Some have suggested reserving hydroxocobalamin for the smoke inhalation patient who has either a lactate above 10 mmol/L or a carboxyhemoglobin above 10%.20 (See Figures 2 and 3 for proposed treatment algorithms.19,20)

There is some evidence for this approach. The landmark paper cited above by Baud obtained blood samples at the scenes of Paris residential fires from 109 victims before they received any treatment.11 In 39 patients without severe burns, the researchers also obtained lactates. Focusing on just the 23 patients with toxic cyanide levels and a lactate checked, all but three had lactates >10 mmol/L. The authors calculated lactate level of 10 was 87% sensitive and 94% specific, with a positive predictive value of 95% for significant cyanide poisoning.

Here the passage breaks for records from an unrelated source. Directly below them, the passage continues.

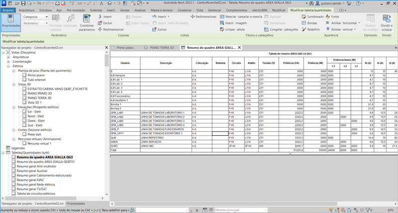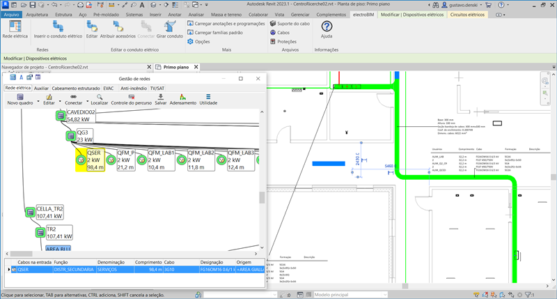 A função de encaminhamento automático de cabos conecta os vários elementos do sistema aos quadros de distribuição e determina os caminhos ideais ao longo das principais vias modeladas. A propagação de potência pelos vários níveis do sistema determina a seção transversal dos condutores com base no tipo de cabo e nas instalações associadas aos caminhos percorridos, realiza o dimensionamento das proteções previstas e calcula a queda de tensão em cada ponto do sistema. Por fim, o preenchimento dos caminhos dos cabos, seja por eletrodutos, canaletas ou eletrocalhas, é gerenciado; elementos de anotação estão disponíveis para visualizar todas as informações sobre o estado dos condutos elétricos.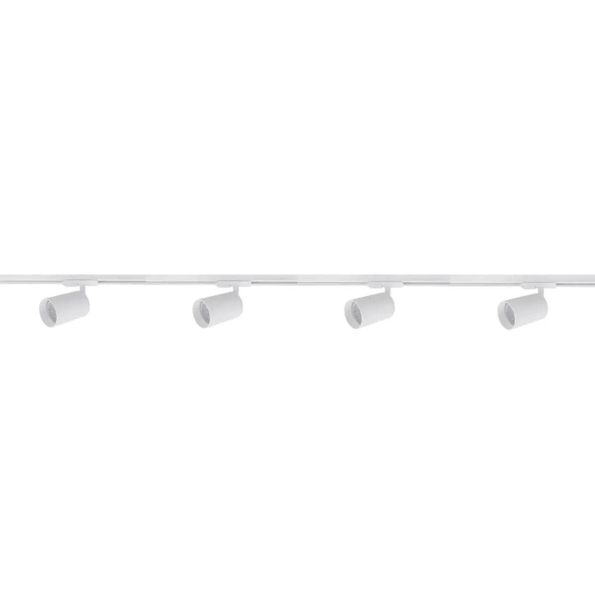Komplett 2 meter spotskinne med 4 spotter samt endetilkobling i hvit farge. Du behøver 5 stk lyspærer med GU10-sokkel til spotskinnen. Velg gjerne noen dimbare lyspærer og koble skinnen til en dimmebryter f.eks. på veggen, slik at du kan justere lysstyrken ved behov.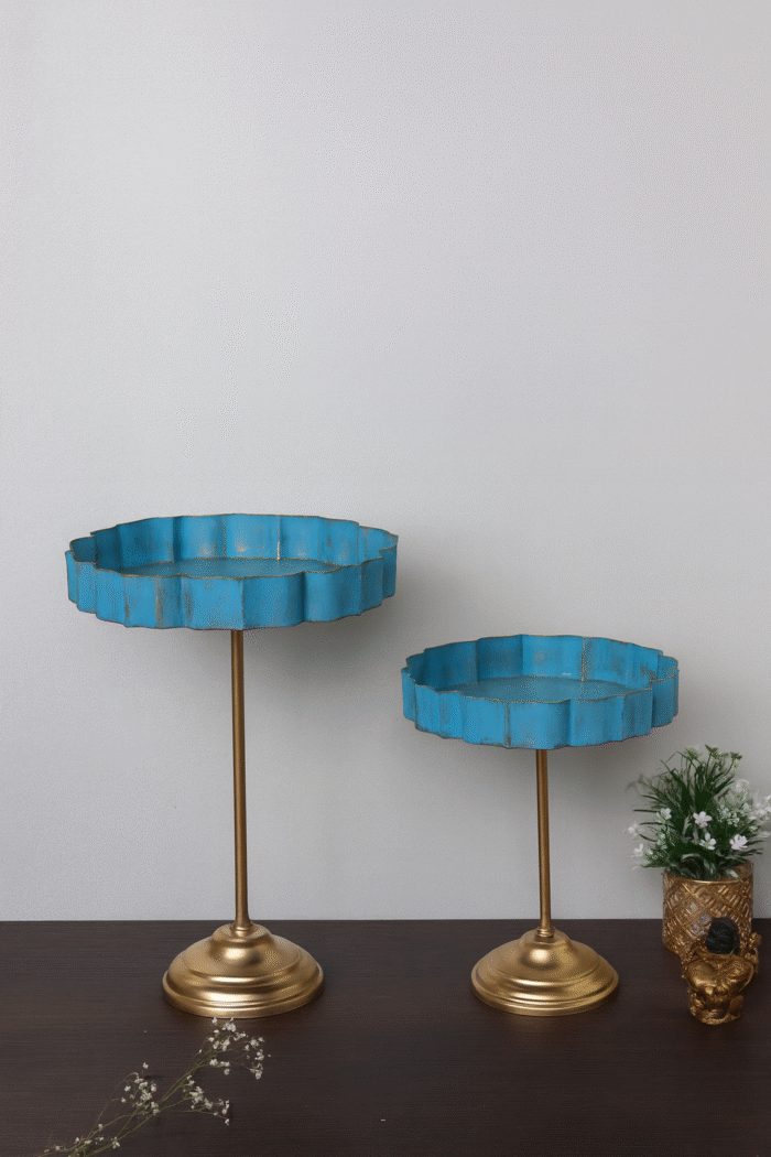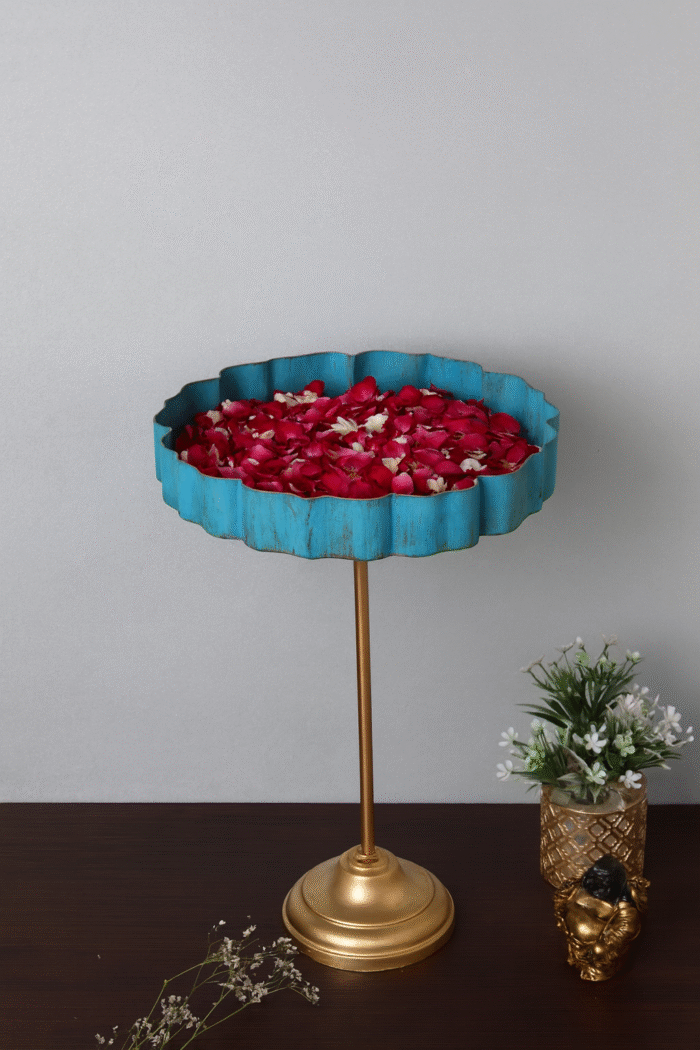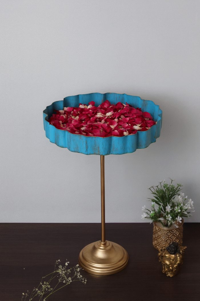 Standing Vatsal Urli -Add a touch of grace and elegance to your home decor with our Blue & Gold Urli with Stand. Crafted with care and precision, this urli features a appealing Puple Lotus design with intricate silver detailing, creating a beautiful contrast. The urli is made with durable iron material, ensuring longevity and sturdiness. The high-quality finishing adds a touch of finesse and charm, making it a great addition to any setting. Perfect for both indoor and outdoor use, this urli is sure to captivate the hearts of your guests. Order now and create an enchanting ambiance in your home or office.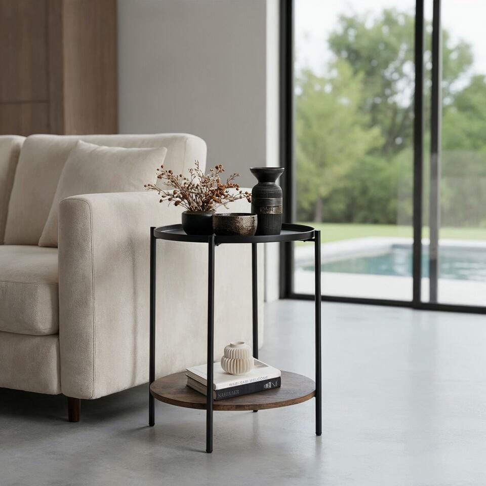 La table d'appoint Sunderland de tectake complète plusieurs styles d'aménagement. Vous avez assez de place pour poser sur le plateau des apéritifs, des boissons, ainsi que la télécommande. La combinaison sobre entre le bois et l'acier se présente dans un style typiquement industriel et s'intègre parfaitement dans la plupart des pièces grâce à son apparence discrète. La plaque supérieure dotée d'un bord surélevé peut être retirée et utilisée en tant que plateau. Cette table dispose d'une excellente stabilité grâce à ses pieds réglables en hauteur. Elle supporte également des objets lourds.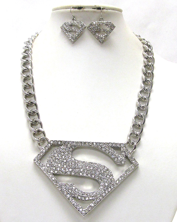 WHOLESALE CRYSTAL PAVED SUPERMAN SYMBOL PENDANT AND THICK CHAIN NECKLACE EARRING SET 391782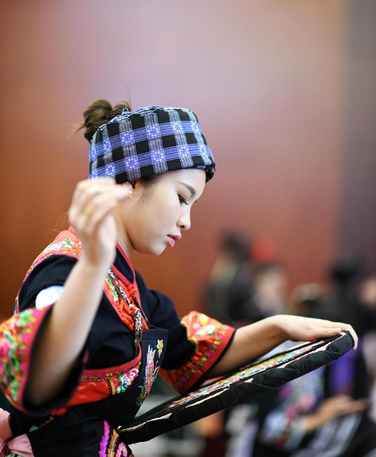A craftswoman embroids at the competition in Guiyang, Southwest China's Guizhou province, on Aug 14. (Photo/Xinhua)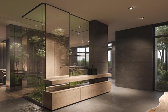 由于在玻璃隔斷中使用了智能玻璃技術,活的綠色植物也可以通過浴室的墻壁看到。其中一個這樣的隔斷在一個獨特的浴室水槽上方支撐著一面發光的梳妝鏡,盡管浴室位于內部位置,但盆的使用者仍能看到美麗的花園景色。

Another large study published more than 30 years ago summarized 364 house fire deaths investigated by the New Jersey State Medical Examiner’s Office. All had blood cyanide levels checked. A lethal cyanide level (here cited as 3 mg/L) was found in 31 cases (8.5%), and all had carboxyhaemoglobin (COHgb) levels above 10%.4

A 2017 study out of Germany checked cyanide levels in 93 persons found dead in connection to fires or other smoke gas exposures. Among 53 persons who died in closed space or vehicle fires, 47% had toxic (0.5 mg/L) cyanide levels and 13% had lethal (3 mg/L) cyanide levels. But again, no cyanide toxicity was seen without a COHgb level well above 10%.21

If Emergency Medical Services were to use point-of-care lactate or carboxyhemoglobin tests to screen for cyanide poisoning, hydroxocobalamin use might plummet. Consider that among the 273 patients in the Vanderbilt “hydroxocobalamin prevents pneumonia” study, the mean COHgb level was 3% and the mean lactate level 2.5; while among the 739 patients in the French “hydroxocobalamin doubles kidney injury risk” study, mean COHgb level was 4%, and only 74 (about 10%) had a lactate level >8.

This all cries out for further study. Some 3,000 people die in US residential fires every year, many from smoke inhalation. Heroic research efforts have been made, but decades have passed, and still we are groping through the haze for clarity.